Rassismus, Sexismus, Kolonialismus – nicht gerade Themen für einen entspannten Abend. Doch um genau darüber mehr zu hören, kamen am Dienstagabend zahlreiche Menschen in der Bibliothek der Augustana Hochschule in Neuendettelsau. Mirrianne Mahn war mit ihrem Debütroman „Issa“ zu Gast.
Mirrianne Mahn hat sehr viele Seiten: Sie ist Aktivistin, parteilose Stadtverordnete in Frankfurt, Künstlerin und Schriftstellerin. Und genau diese letztgenannte Rolle führte sie nach Neuendettelsau. Die 35-Jährige las aus ihrem Roman „Issa“, der vor rund einem Jahr im Rowohlt-Verlag erschien.

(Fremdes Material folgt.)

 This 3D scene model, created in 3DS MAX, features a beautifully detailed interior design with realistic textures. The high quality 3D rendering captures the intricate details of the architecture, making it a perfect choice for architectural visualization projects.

Issa, eine junge Frau aus Frankfurt, bekommt ein Baby. Auf Anweisung ihrer Mutter fliegt sie nach Kamerun, um Rituale zu durchlaufen, die Schwangere dort traditionell begehen. Die Zeit in Afrika öffnet Issa die Augen für ihre Familiengeschichte. Flink und mit angenehmen Tempowechseln liest Mahn einige Seiten, in denen das Publikum Issa begegnet und mit ihr gemeinsam in Douala, Kamerun, ankommt.

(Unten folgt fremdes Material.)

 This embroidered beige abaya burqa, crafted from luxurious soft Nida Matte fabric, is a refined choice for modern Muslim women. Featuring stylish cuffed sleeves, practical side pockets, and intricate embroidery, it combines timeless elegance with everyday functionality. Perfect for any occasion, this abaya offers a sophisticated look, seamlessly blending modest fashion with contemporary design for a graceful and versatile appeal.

Mirrianne Mahn verwebt fünf Leben miteinander. Mehrere Generationen an Frauen aus Kamerun, die um ein selbstbestimmtes Leben kämpfen. Kapitel für Kapitel nähern sich die Geschichten an. Schon bald wird klar: Es handelt sich um eine Familie. Lesende erleben im Buch die Kolonialherrschaft der Deutschen aus der kamerunischen-femininen Perspektive. Später die Übernahme der Briten und Franzosen. Mahn ruft damit die grausamen Verbrechen der Kolonialzeit ins Bewusstsein.
Mit der Protagonistin Issa schafft die Schriftstellerin die Verbindung zur Gegenwart. Geschickt humorvoll und in der Ich-Perspektive schildert Mahn Issas Erlebnisse und Gedanken. „Dabei fühlt man sich hoffentlich immer wieder mal ertappt“, beschreibt Mahn im Gespräch ihr Ziel. Das gelingt. Zum Beispiel, wenn Issa an Rassismuserfahrungen in ihrer Jugend zurückdenkt: fremdenfeindliche Situationen, die in Deutschland zum – traurigen – Alltag gehören.

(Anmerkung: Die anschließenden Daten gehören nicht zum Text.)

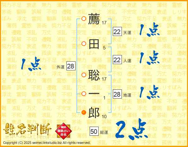 薦(17画)田(5画) 聡(17画)一(1画)郎(10画)

Diese Schilderungen hat die Autorin aus ihrem eigenen Leben in den Roman eingebracht. „Ich wollte mir da keine Dinge ausdenken“, erklärt Mahn. Ein paar weitere offensichtliche Fakten habe sie aus ihrem Leben übernommen. Issa ist wie Mahn in Kamerun geboren, im Hunsrück aufgewachsen und dann nach Frankfurt gezogen. „Ansonsten ist es Fiktion“, sagt Mahn. Die Personen sind ausgedacht. Doch das Buch ist prall gefüllt mit Fakten und Wissen. Es ist ein Roman, der bildet, berührt und bewegt. Das war in der Bibliothek der Hochschule zu spüren.
Mahn las eine zweite düstere Passage aus den Jahren 1903 bis 1904. Sie endete mit einem Lied, das im Buch mehrfach vorkommt. Gefühlvoll sang Mahn die Zeilen und schlug das Buch zu. Stille. Die Emotionen erfassten auch die Autorin sichtlich.
Den Raum für Fragen nutzten die Besuchenden rege. Mahn antwortete mit breitem Wissen, Anekdoten und Klarheit – aber immer mit Hoffnung, immer mit Humor. Ihr lautes, volles Lachen verlieh dem Abend trotz der schweren Themen eine gewisse Leichtigkeit.